*** GIVEN DATA ***

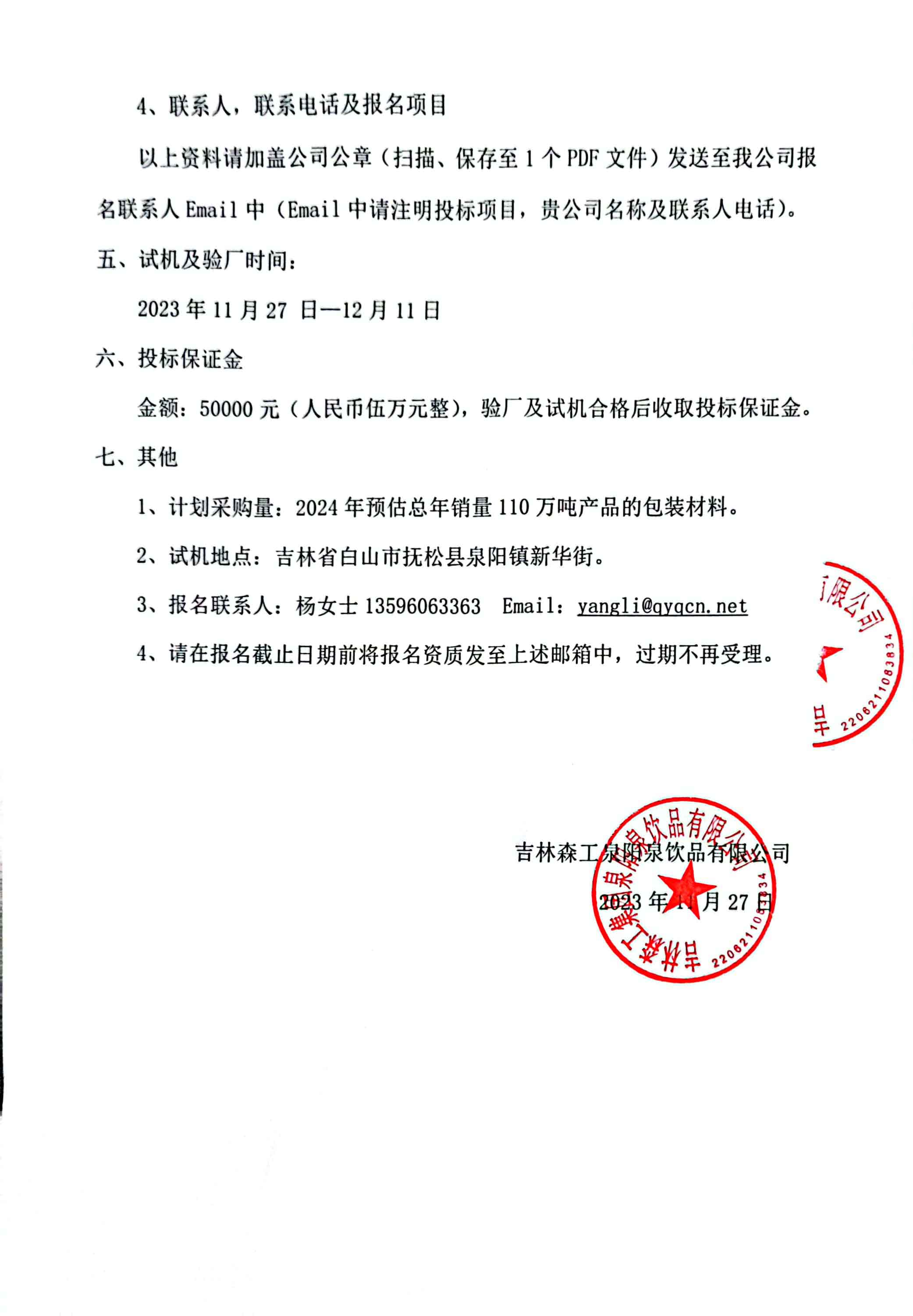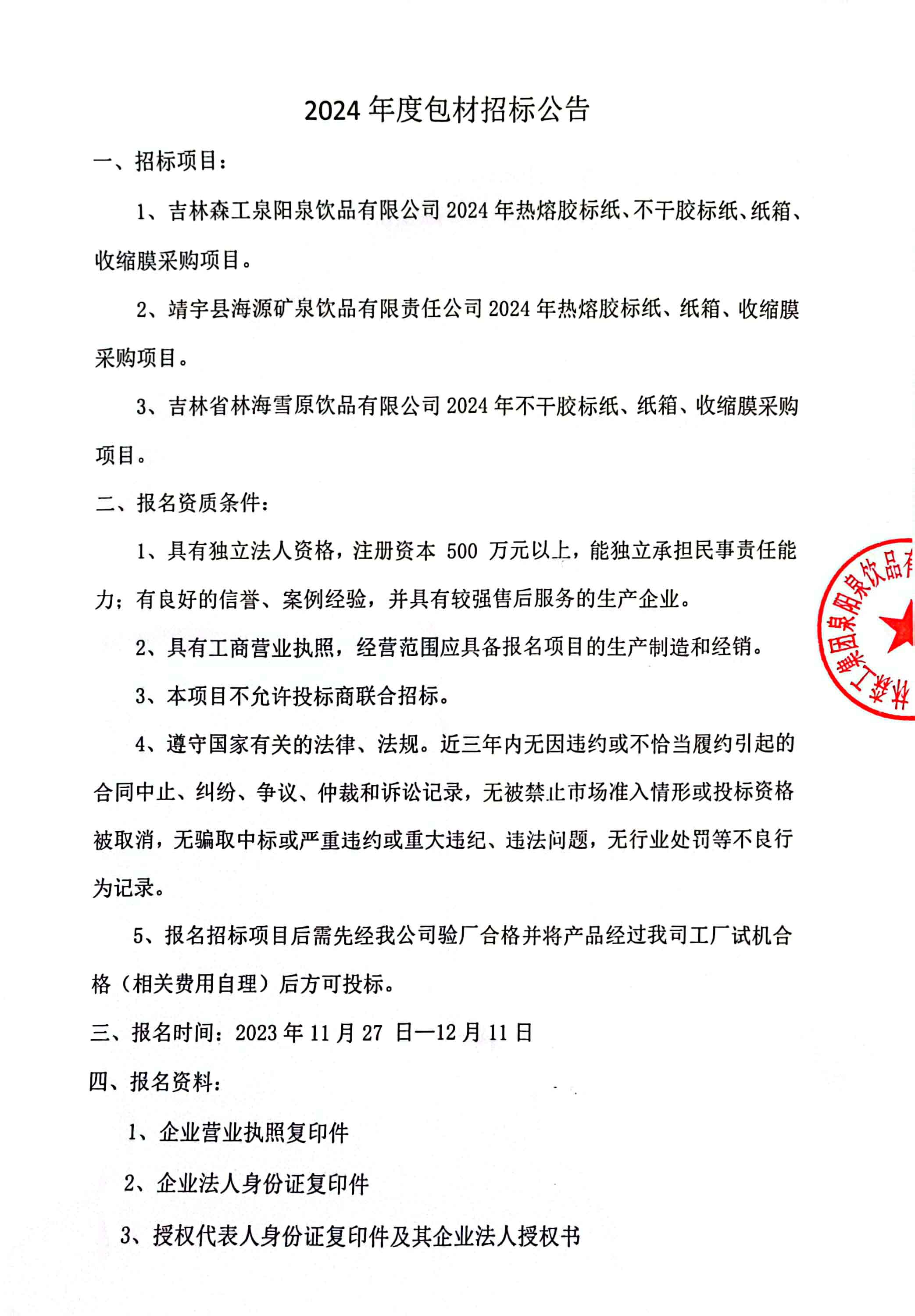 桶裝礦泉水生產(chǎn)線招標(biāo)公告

***
*** GIVEN DATA ***

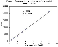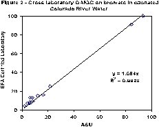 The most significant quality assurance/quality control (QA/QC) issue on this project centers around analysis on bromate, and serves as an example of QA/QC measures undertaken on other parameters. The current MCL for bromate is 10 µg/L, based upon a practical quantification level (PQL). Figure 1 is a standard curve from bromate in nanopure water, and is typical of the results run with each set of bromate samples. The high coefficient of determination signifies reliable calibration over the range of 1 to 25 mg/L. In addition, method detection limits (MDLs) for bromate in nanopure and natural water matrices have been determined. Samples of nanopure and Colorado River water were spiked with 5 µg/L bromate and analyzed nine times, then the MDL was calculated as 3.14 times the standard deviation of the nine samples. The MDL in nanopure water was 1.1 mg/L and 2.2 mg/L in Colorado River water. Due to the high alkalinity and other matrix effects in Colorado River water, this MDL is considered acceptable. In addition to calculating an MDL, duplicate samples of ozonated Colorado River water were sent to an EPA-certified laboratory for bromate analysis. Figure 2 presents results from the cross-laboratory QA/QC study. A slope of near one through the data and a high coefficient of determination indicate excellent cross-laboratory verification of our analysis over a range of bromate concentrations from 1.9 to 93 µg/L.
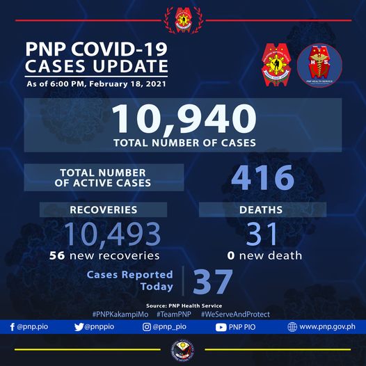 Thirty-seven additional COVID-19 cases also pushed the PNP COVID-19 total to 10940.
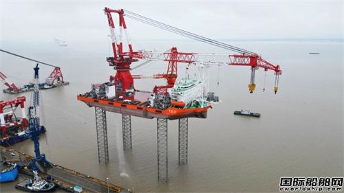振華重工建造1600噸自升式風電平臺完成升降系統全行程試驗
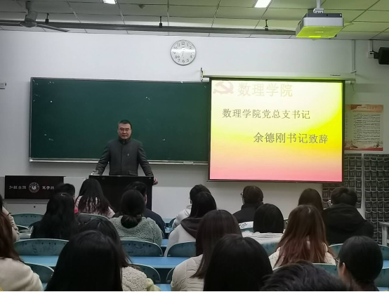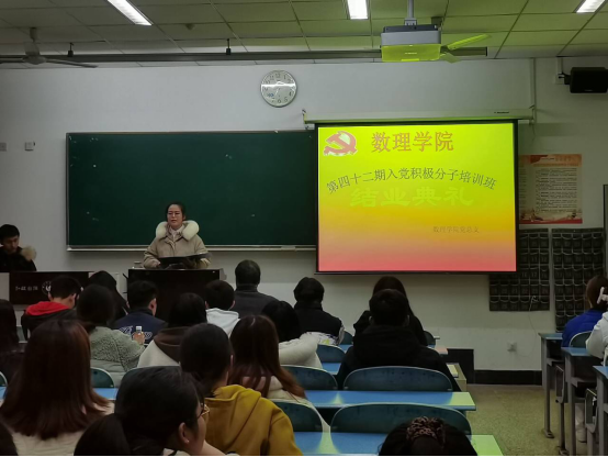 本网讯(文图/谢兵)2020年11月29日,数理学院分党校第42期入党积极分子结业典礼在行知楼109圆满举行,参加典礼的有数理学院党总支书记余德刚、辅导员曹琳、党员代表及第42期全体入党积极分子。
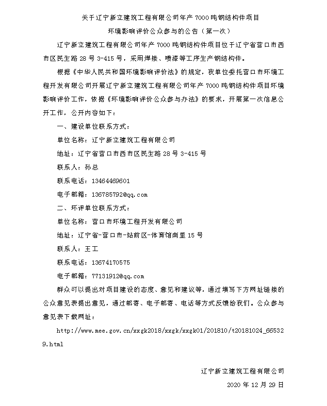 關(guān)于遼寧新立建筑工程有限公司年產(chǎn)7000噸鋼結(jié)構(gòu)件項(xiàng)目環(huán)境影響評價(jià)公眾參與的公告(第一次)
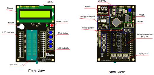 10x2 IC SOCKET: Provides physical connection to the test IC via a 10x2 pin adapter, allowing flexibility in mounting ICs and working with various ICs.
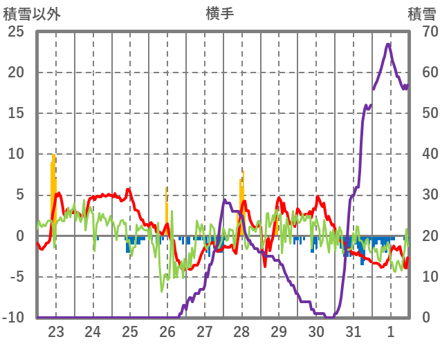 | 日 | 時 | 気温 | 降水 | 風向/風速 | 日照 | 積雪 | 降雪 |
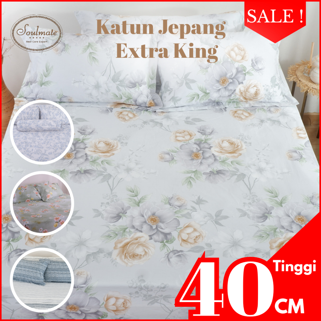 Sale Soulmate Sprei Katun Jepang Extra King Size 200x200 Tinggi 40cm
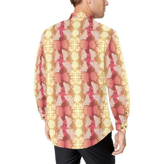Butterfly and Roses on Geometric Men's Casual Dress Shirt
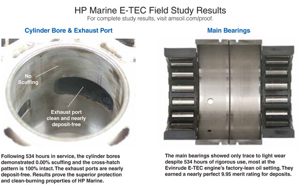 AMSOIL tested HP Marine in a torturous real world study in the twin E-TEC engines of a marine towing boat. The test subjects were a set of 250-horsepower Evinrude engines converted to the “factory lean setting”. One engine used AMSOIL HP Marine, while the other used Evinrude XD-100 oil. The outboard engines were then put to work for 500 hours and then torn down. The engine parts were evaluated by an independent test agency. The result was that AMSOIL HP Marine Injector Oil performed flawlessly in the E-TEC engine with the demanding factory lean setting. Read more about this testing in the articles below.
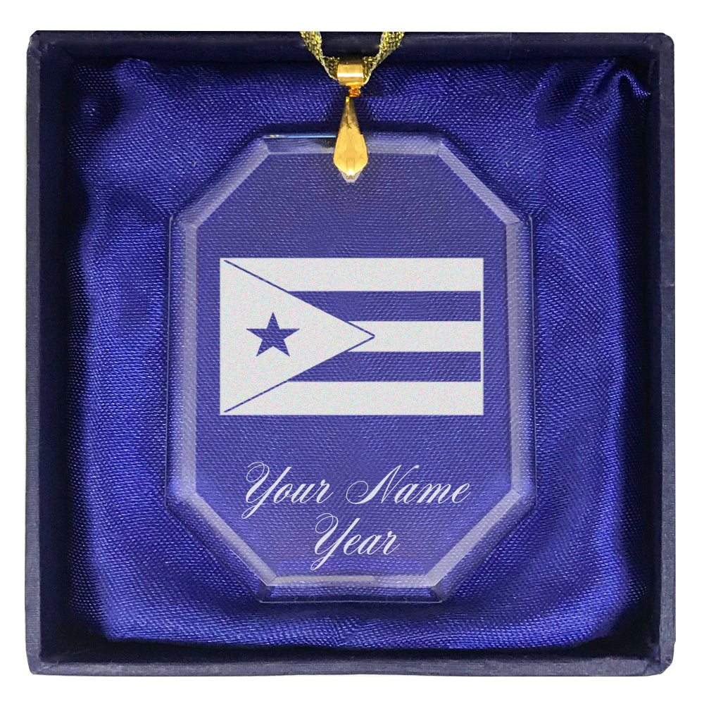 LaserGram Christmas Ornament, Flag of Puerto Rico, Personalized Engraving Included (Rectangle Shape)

***
*** GIVEN DATA ***

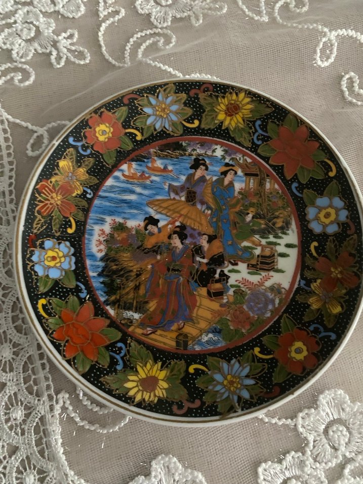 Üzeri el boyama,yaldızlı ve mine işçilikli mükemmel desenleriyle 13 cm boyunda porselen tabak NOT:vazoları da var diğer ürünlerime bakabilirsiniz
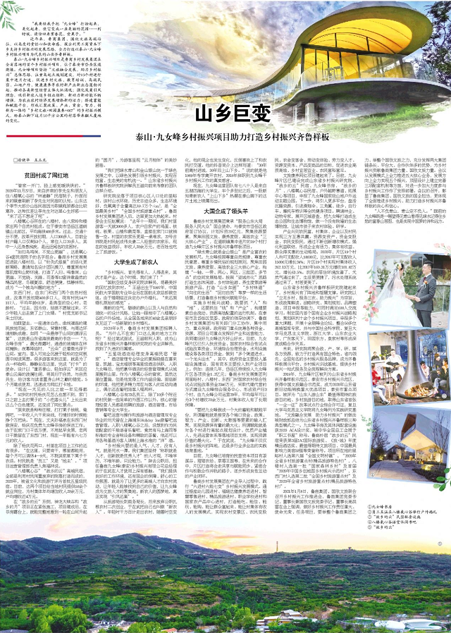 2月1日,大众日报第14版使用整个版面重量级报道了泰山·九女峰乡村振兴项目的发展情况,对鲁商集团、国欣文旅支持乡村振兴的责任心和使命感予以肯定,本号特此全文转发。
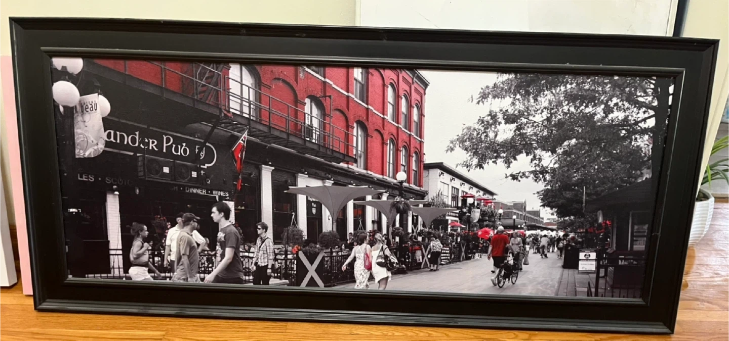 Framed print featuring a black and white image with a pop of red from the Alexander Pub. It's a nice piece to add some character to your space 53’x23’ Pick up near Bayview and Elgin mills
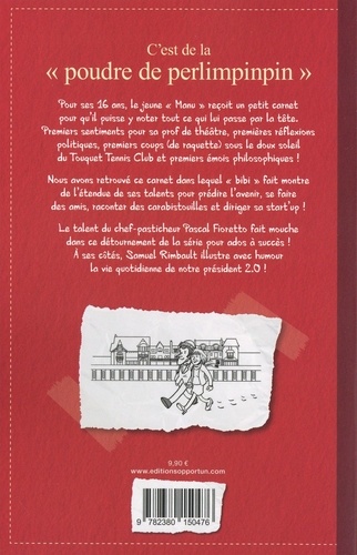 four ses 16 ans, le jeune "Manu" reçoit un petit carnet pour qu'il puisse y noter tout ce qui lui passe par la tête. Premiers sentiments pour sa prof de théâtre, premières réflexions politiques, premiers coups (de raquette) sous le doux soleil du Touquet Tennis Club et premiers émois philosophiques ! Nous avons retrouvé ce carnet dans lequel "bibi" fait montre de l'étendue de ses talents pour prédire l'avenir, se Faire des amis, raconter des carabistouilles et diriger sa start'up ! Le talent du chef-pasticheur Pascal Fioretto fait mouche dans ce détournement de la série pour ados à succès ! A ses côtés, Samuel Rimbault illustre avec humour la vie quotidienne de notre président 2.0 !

***

**WHAT YOU ARE ASKED TO DO:** Treat the line with "Butterfly and Roses" as the start and the line with "LaserGram Christmas Ornament, Flag" as the end, and return exactly that span of the data above, both ends included, without pictures.

**COMPLETED TASK:**
Butterfly and Roses on Geometric Men's Casual Dress Shirt
 AMSOIL tested HP Marine in a torturous real world study in the twin E-TEC engines of a marine towing boat. The test subjects were a set of 250-horsepower Evinrude engines converted to the “factory lean setting”. One engine used AMSOIL HP Marine, while the other used Evinrude XD-100 oil. The outboard engines were then put to work for 500 hours and then torn down. The engine parts were evaluated by an independent test agency. The result was that AMSOIL HP Marine Injector Oil performed flawlessly in the E-TEC engine with the demanding factory lean setting. Read more about this testing in the articles below.
 LaserGram Christmas Ornament, Flag of Puerto Rico, Personalized Engraving Included (Rectangle Shape)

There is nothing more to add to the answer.